O ESTADO DE S. PAULO
Menos mal que o secretário de Defesa dos EUA, Robert Gates, disse dias atrás que "deveria ter a cabeça examinada" quem aconselhasse a Casa Branca a "mandar um grande contingente" para regiões conturbadas no Oriente Médio e na África. Nem grande nem pequeno, é o caso de corrigir, diante da notícia de que Washington decidiu deslocar para perto da costa líbia forças navais e aéreas acantonadas no Mediterrâneo, no Mar da Arábia e no Golfo Pérsico. Além disso, começou a examinar com os seus aliados da Otan estratégias para apressar o fim do regime do coronel Muamar Kadafi, que já perdeu para a insurreição popular desatada há menos de três semanas o controle de cerca de 80% do território, onde se localizam os seus principais campos petrolíferos.
Na segunda-feira, ao participar em Genebra da reunião do Conselho de Direitos Humanos da ONU convocada para suspender a Líbia do organismo e abrir uma investigação sobre as violências da ditadura contra a população desde o início do levante - segundo as estimativas, morreram entre mil e 2 mil civis -, a secretária de Estado Hillary Clinton anunciou que "todas as opções estão na mesa", para não excluir de saída uma intervenção armada na Líbia. Mas fez questão de acrescentar que nenhum dos governos com os quais vem conversando coloca a opção militar "no topo da lista" e que o deslocamento das forças americanas tem a finalidade de dar eventual apoio logístico a missões humanitárias na Líbia.

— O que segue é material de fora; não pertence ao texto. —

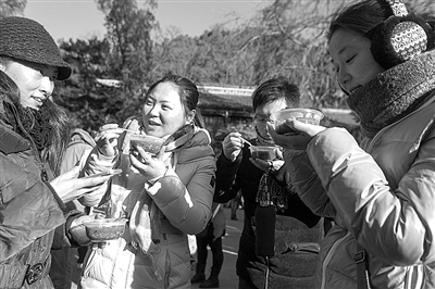 1月8日,市民在北京一处旅游景区排队等候“舍粥”。当日是腊月初八,民间有喝腊八粥的习俗。北京许多寺庙、景区、商家举行腊八文化活动,并为市民提供可口的腊八粥,在冬日里送上温暖的祝福。

Que assim seja. O uso de força estrangeira contra Kadafi deitaria a perder tudo o que, na batalha dos valores, os EUA ganharam - sem mover um único dedo - com o vendaval democrático que percorre o mundo árabe, semeando na região uma metamorfose política quem sabe comparável ao desmoronamento do Império Otomano, após a 1.ª Guerra Mundial. Na Tunísia, Egito, Líbia, Iêmen, Jordânia, Marrocos, Bahrein e agora em Omã em nenhum momento se repetiu o ritual até então indissociável das manifestações da chamada rua árabe - a queima de bandeiras americanas. E, em todos esses países, as multidões teriam motivos para denunciar o apoio ocidental às tiranias contra as quais se ergueram.
Em Washington se ouve que a movimentação ordenada pelo governo teria por objetivo, como se fala no Brasil, "botar pressão" sobre o regime líbio atingido desde o último fim de semana por uma sequência de sanções diplomáticas, econômicas e militares, em vias de serem ampliadas pela ONU. Um dos próximos passos poderia ser a abertura de processo contra Kadafi no Tribunal Penal Internacional - criado, ironicamente, contra a vontade dos EUA - por crimes contra a humanidade. A mobilização dos recursos armados norte-americanos na área não se dá, portanto, por nenhum daqueles motivos que levariam seus autores a "ter a cabeça examinada", como diria o secretário Robert Gates - mesmo porque, uma intervenção armada seria tudo que o isolado Kadafi precisa para se aferrar heroicamente ao poder, em defesa de sua proclamada revolução anti-imperalista, infundir ânimo novo nos seus partidários e comprovar a sua litania de que o Ocidente incentiva a guerra civil na Líbia para se apropriar do seu petróleo.
As democracias já têm muito a fazer pelo povo líbio para dar munição ao coronel. Há uma brutal crise humanitária a ser enfrentada nas fronteiras do país com a Tunísia e o Egito, para onde convergem legiões de refugiados. E, se se trata de apoiar os combatentes líbios pela democracia, o desembarque maciço de víveres, medicamentos e hospitais de campanha, em portos como Benghazi e Tobruk, é incomparavelmente melhor do que exibir o revólver. Armas, só a pedido de um governo provisório na Líbia libertada - que ainda não se formou e, depois, precisará ser reconhecido pela comunidade internacional. A invasão americana do Iraque, em 2003, varreu da mesa a opção por ações unilaterais. A ajuda à liquidação da tirania do ensandecido Muamar ("o povo me ama") Kadafi exige o respaldo da ONU e a aquiescência da Liga Árabe e da União Africana. A alternativa será um tiro no pé.